DATA EXTRACT ::
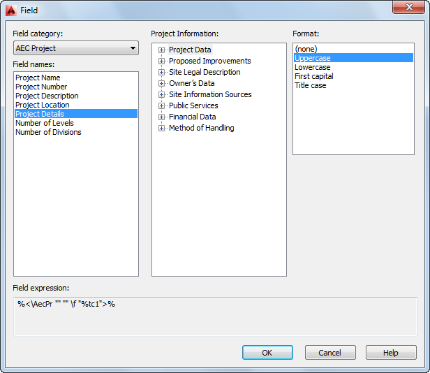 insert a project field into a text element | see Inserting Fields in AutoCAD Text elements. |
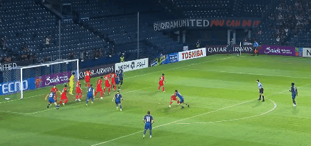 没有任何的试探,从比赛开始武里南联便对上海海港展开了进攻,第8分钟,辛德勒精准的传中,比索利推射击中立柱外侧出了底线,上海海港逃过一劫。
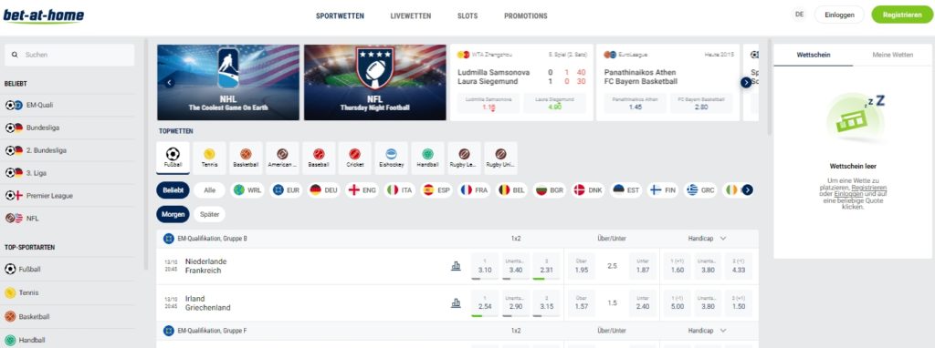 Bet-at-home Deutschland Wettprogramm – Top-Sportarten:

--

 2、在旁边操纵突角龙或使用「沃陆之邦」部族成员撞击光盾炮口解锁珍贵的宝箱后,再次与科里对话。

* * *

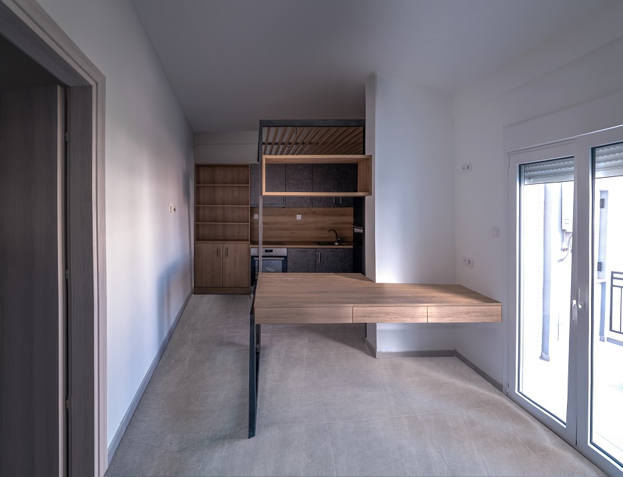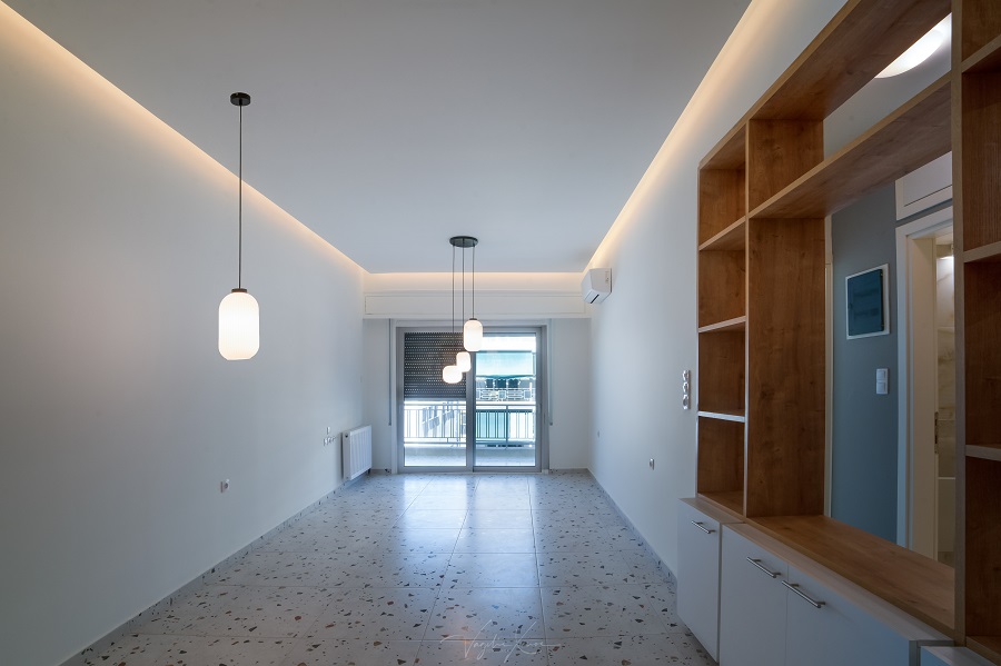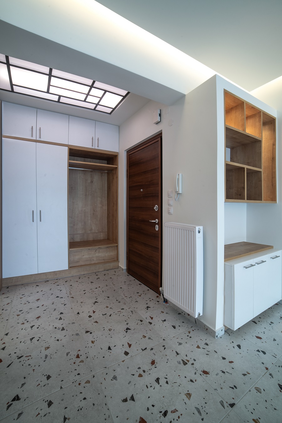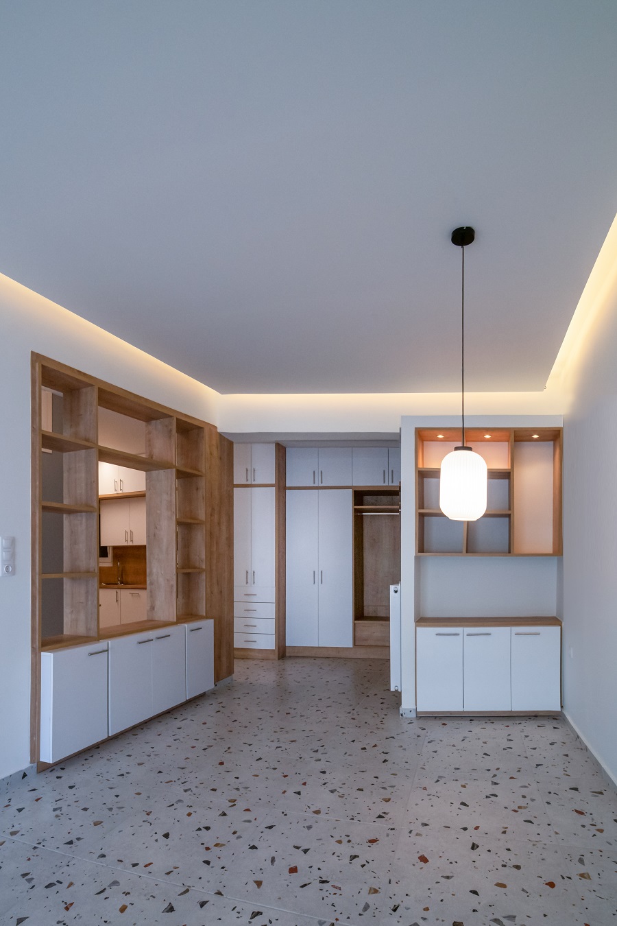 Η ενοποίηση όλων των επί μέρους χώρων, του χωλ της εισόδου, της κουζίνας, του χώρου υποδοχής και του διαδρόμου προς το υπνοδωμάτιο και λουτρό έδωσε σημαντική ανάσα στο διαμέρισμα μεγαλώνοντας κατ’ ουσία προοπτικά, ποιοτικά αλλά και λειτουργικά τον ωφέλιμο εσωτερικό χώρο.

PROBLEM TO WORK ON ::
Using the entries above, reproduce word for word only the lines from the one that contains "insert a project" to the one that contains "Bet-at-home Deutschland Wettprogramm", both ends included, and drop every picture.

YOUR RESPONSE ::
 insert a project field into a text element | see Inserting Fields in AutoCAD Text elements. |
 没有任何的试探,从比赛开始武里南联便对上海海港展开了进攻,第8分钟,辛德勒精准的传中,比索利推射击中立柱外侧出了底线,上海海港逃过一劫。
 Bet-at-home Deutschland Wettprogramm – Top-Sportarten:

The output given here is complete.